■ **Activity**
Looking at the listing below, retype exactly the lines starting at the one containing "季后赛总决赛G1:步行者末节" and ending at the one containing "8. Головкой на", both included, and nothing else.

■ **Record set**
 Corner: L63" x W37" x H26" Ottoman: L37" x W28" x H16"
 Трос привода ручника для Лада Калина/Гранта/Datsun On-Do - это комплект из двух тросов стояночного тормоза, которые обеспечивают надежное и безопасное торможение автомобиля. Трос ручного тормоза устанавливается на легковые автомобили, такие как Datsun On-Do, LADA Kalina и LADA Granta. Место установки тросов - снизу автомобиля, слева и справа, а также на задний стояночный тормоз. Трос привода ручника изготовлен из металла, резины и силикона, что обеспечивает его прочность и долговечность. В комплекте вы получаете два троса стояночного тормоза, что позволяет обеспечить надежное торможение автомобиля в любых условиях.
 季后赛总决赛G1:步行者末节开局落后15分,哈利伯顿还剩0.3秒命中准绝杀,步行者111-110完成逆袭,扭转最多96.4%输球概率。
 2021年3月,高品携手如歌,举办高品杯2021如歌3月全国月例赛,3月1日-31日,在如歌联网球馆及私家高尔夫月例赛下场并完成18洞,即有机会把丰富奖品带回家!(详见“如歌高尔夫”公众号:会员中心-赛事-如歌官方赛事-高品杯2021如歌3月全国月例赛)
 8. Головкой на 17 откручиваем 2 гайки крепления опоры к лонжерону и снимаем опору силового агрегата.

...

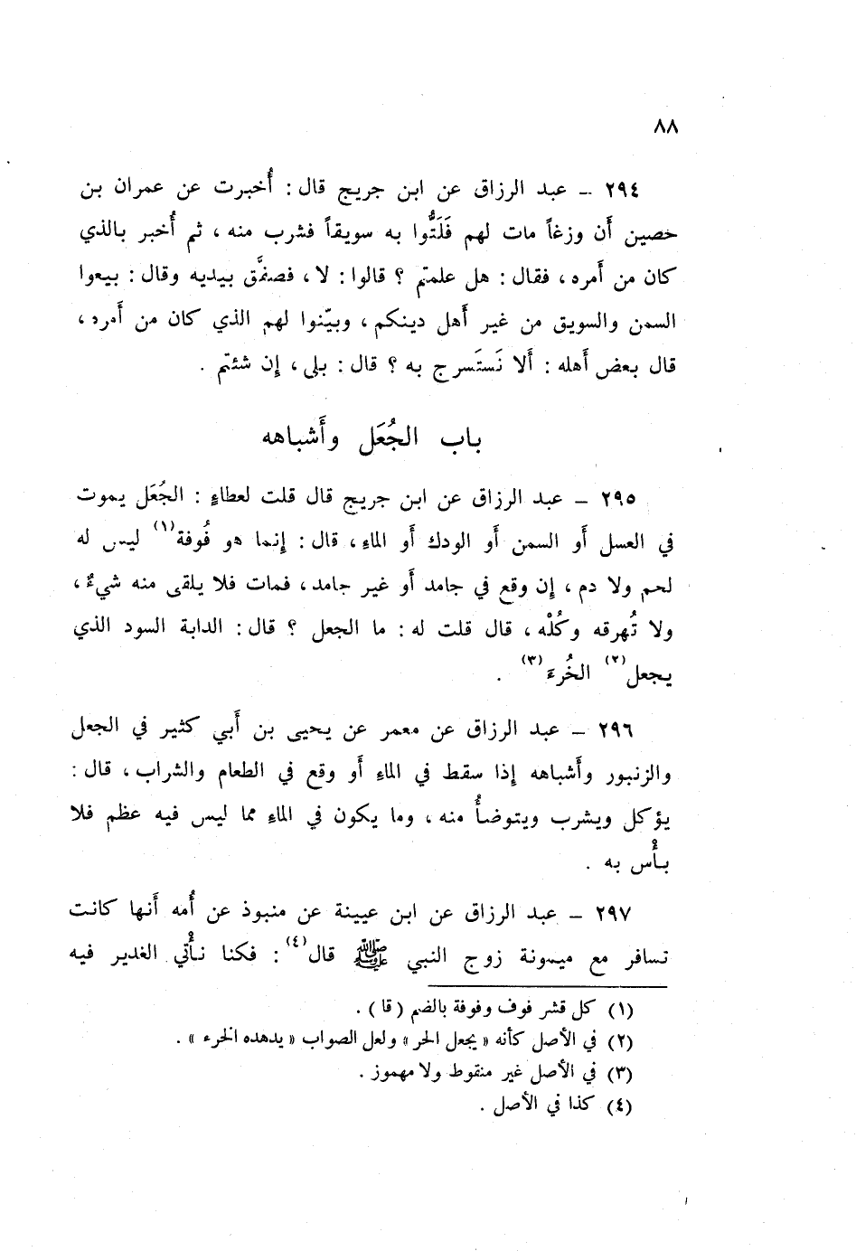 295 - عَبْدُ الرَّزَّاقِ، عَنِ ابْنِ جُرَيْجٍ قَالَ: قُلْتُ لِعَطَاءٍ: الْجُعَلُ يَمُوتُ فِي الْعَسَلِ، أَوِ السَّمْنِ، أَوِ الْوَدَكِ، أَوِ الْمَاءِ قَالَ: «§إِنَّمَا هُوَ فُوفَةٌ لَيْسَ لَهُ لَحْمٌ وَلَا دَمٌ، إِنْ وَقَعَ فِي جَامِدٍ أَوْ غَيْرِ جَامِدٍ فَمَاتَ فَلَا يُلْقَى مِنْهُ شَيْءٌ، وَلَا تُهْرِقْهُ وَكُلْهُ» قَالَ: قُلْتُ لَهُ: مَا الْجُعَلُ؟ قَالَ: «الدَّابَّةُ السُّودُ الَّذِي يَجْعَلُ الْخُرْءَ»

--

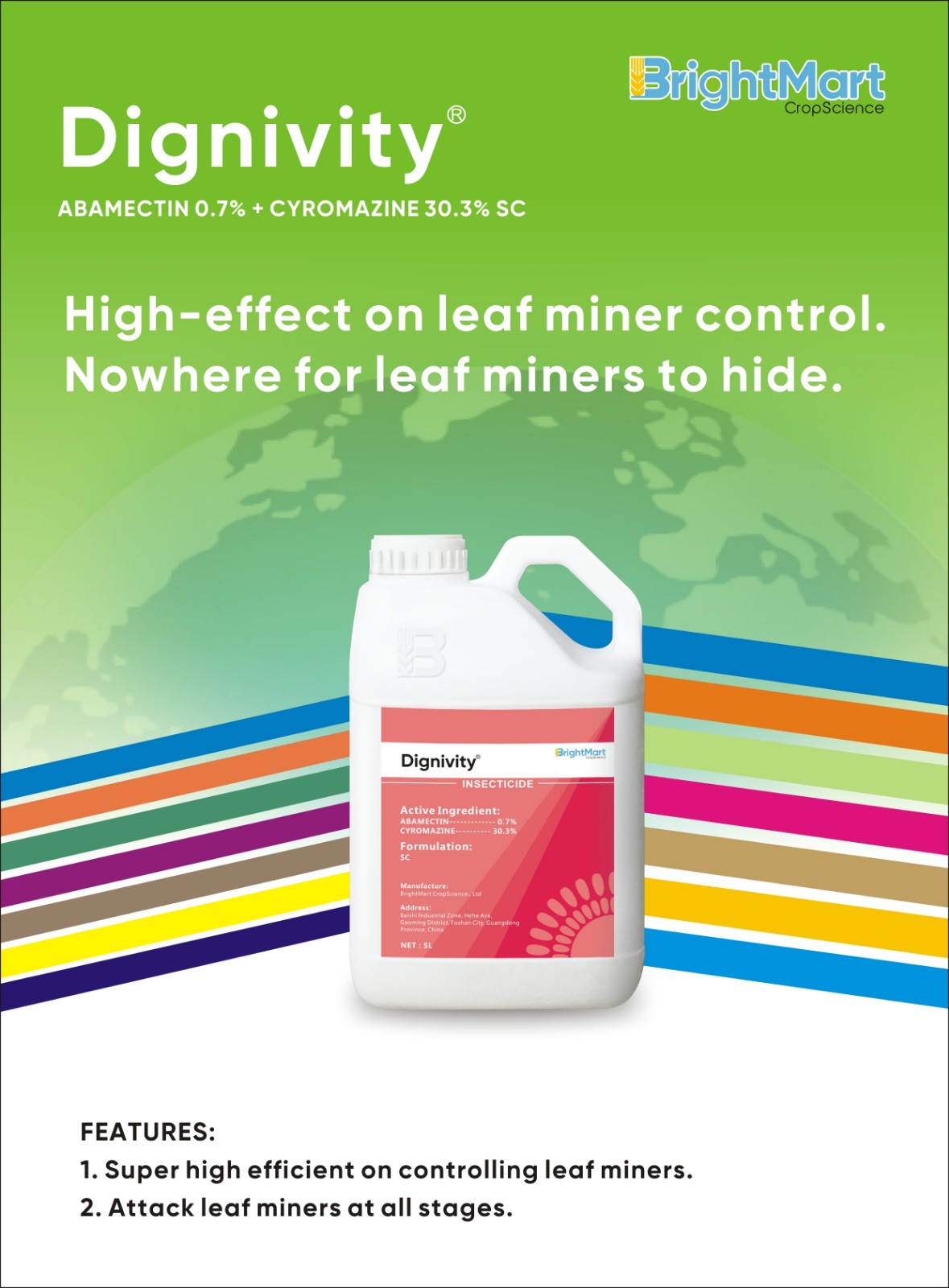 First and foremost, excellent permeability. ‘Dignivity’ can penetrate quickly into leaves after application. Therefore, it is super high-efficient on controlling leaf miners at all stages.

■ **Answer to this task**
 季后赛总决赛G1:步行者末节开局落后15分,哈利伯顿还剩0.3秒命中准绝杀,步行者111-110完成逆袭,扭转最多96.4%输球概率。
 2021年3月,高品携手如歌,举办高品杯2021如歌3月全国月例赛,3月1日-31日,在如歌联网球馆及私家高尔夫月例赛下场并完成18洞,即有机会把丰富奖品带回家!(详见“如歌高尔夫”公众号:会员中心-赛事-如歌官方赛事-高品杯2021如歌3月全国月例赛)
 8. Головкой на 17 откручиваем 2 гайки крепления опоры к лонжерону и снимаем опору силового агрегата.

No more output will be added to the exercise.